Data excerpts
****

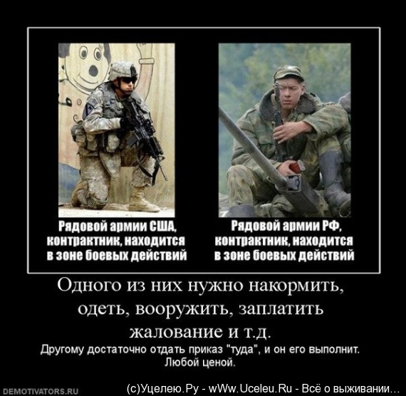 Согласен с тобой полностью, но в то же время у тех армий кои укомплектованны амуниция по самое горло, подготовка и навыки практически равны нулю, за небольшим исключение хорошо заточеных спецподразделений. Вот тоже и у нашей армии, но у нас есть дух, и если что то пойдем и победим в ватниках, голифе, кирзачах и с трехлинейками.
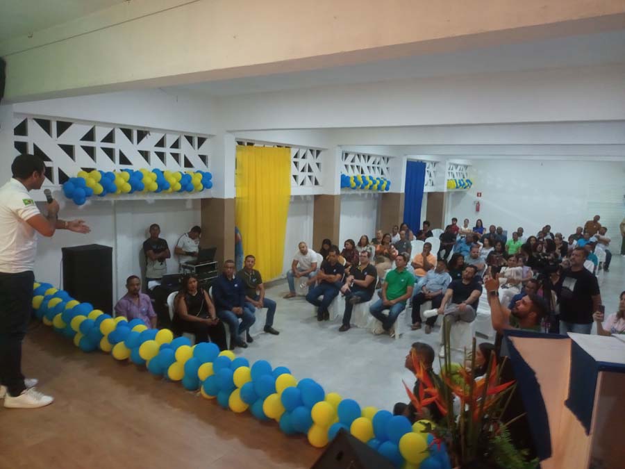 O deputado Diego Castro conversou individualmente e coletivamente com candidatos e lideranças do PL de Conceição do Jacuípe e discursou na convenção.
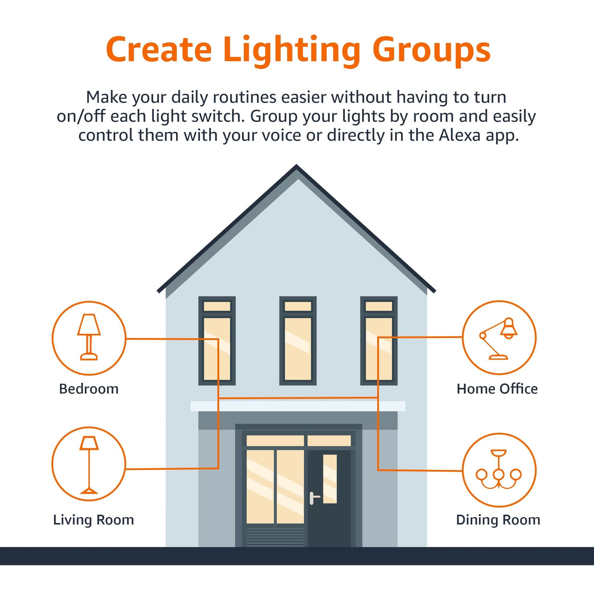 GROUP CONTROL: Create groups in the Alexa app to combine lights together, allowing you to control lights by each room, or all of your home lights with a single voice command or via app. When it's time to sleep, just say “Alexa, turn off the bedroom” OR use the Alexa app to turn off the bedroom lights at once.
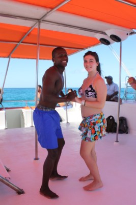 | A bordo ci aspettano ballerini dominicani che ci coinvolgono nei balli tipici di salsa/bachata, offrendo a tutti ron (rum) e coca cola. |
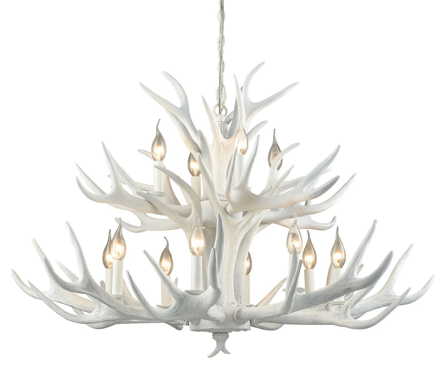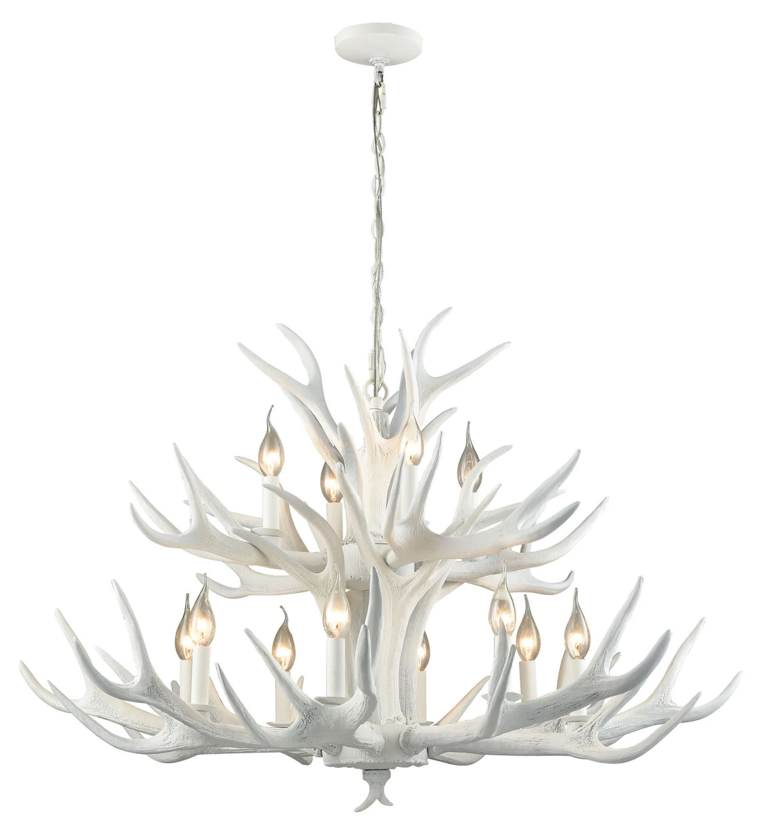 Adorned with faux white antlers, this stunning chandelier channels the beauty of the great outdoors. Hardwired.

****

* [REQUIRED ACTION]:
Your task is to retype the lines running from the one that contains "coca cola. |" through the end of the records, and nothing else. Pictures are not part of the copy.

* [OUTPUT]:
 | A bordo ci aspettano ballerini dominicani che ci coinvolgono nei balli tipici di salsa/bachata, offrendo a tutti ron (rum) e coca cola. |
 Adorned with faux white antlers, this stunning chandelier channels the beauty of the great outdoors. Hardwired.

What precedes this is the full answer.